DIAlOG POHON KAMPANYE

Bendera dengan gambar-gambar partai berkibar ditiup angin, ikut dalam hiruk pikuk lalu lintas, terkadang jemu mata memandang pemandangan seperti yang membuat bimbang. Dibawah terik matahari bendera-bendera itu terus berkibar angin terkadang menerpa dengan keras tapi tetap tegar berdiri.

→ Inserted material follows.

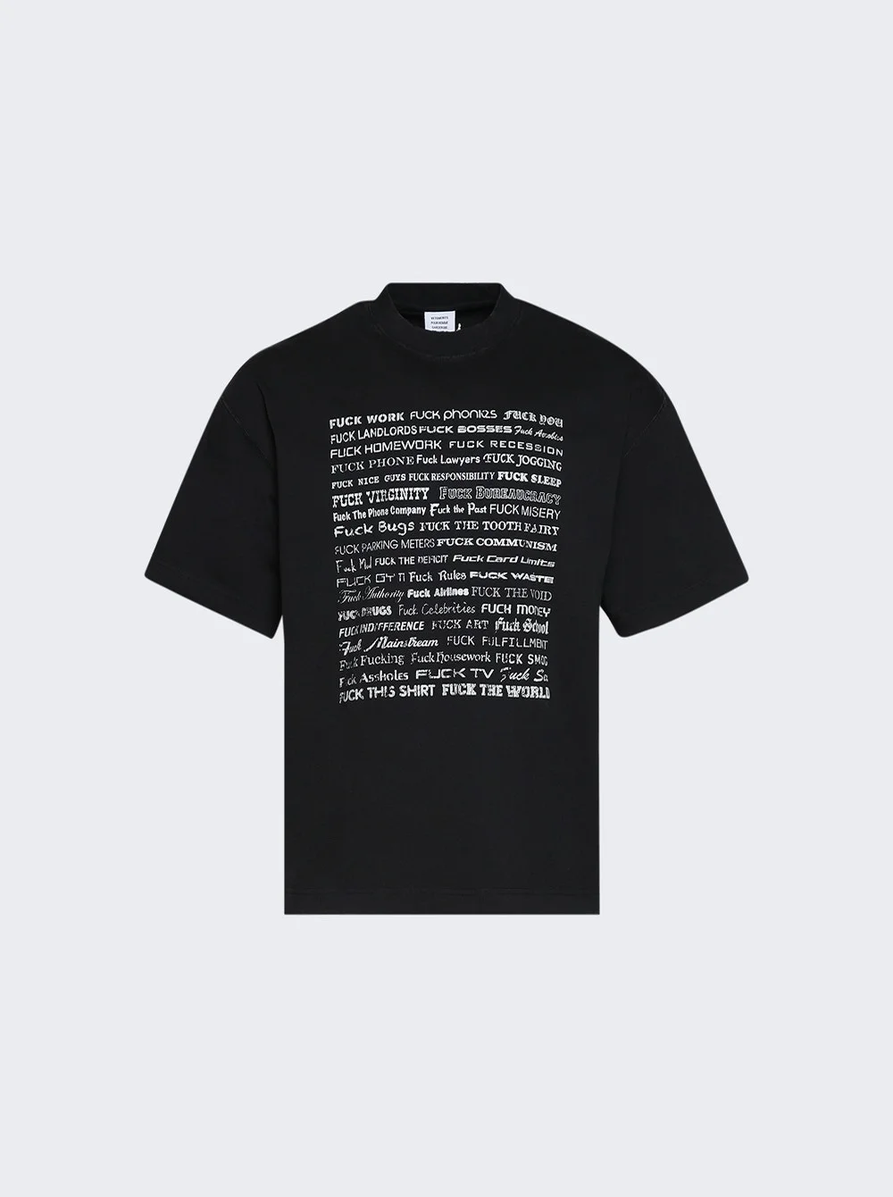 Details - Regular fit - Crewneck - Dropped shoulders - Short sleeves - Text printed at front - Straight hem - Care according to label - Material: 100% Cotton Vendor Color Code: Brand Style: ME76TR212BX Designer/Brand: VETEMENTS

Dicuaca yang sudah tidak teratur lagi terkadang tiba-tiba hujan turun tanpa diawali mendung, hingga bendera-bendera itu tak bersiap-siap menghadapi hujan.

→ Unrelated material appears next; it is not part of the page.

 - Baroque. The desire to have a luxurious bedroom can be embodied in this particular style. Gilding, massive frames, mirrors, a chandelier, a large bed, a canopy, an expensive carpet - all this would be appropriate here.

Malam bertabur bintang, namun semakin malam awan tebal kian menebal menyelimuti bintang-bintang, namun ibu kota tetap terang benderang tak peduli awan tebal menyelimuti. Tengah malam sedikit lebih sepi, ketika semua orang sudah terlelap ada beberapa orang menelusuri jalan ditemani angin malam. Dikeluarkannya sebuah kertas dari dalam tas besarnya. Ternyata poster bergambar partai, dengan bantuan lem merekatlah poster itu dipohon.
Pohon ialah tumbuhan dengan batang dan cabang yang berkayu. Pohon memiliki batang utama yang tumbuh tegak, menopang tajuk pohon. Batang merupakan bagian utama pohon dan menjadi penghubung utama antara bagian akar, sebagai pengumpul air dan mineral. Tapi kali ini berubah fungsi menjadi papan kampanye oleh orang-orang berambisi menang.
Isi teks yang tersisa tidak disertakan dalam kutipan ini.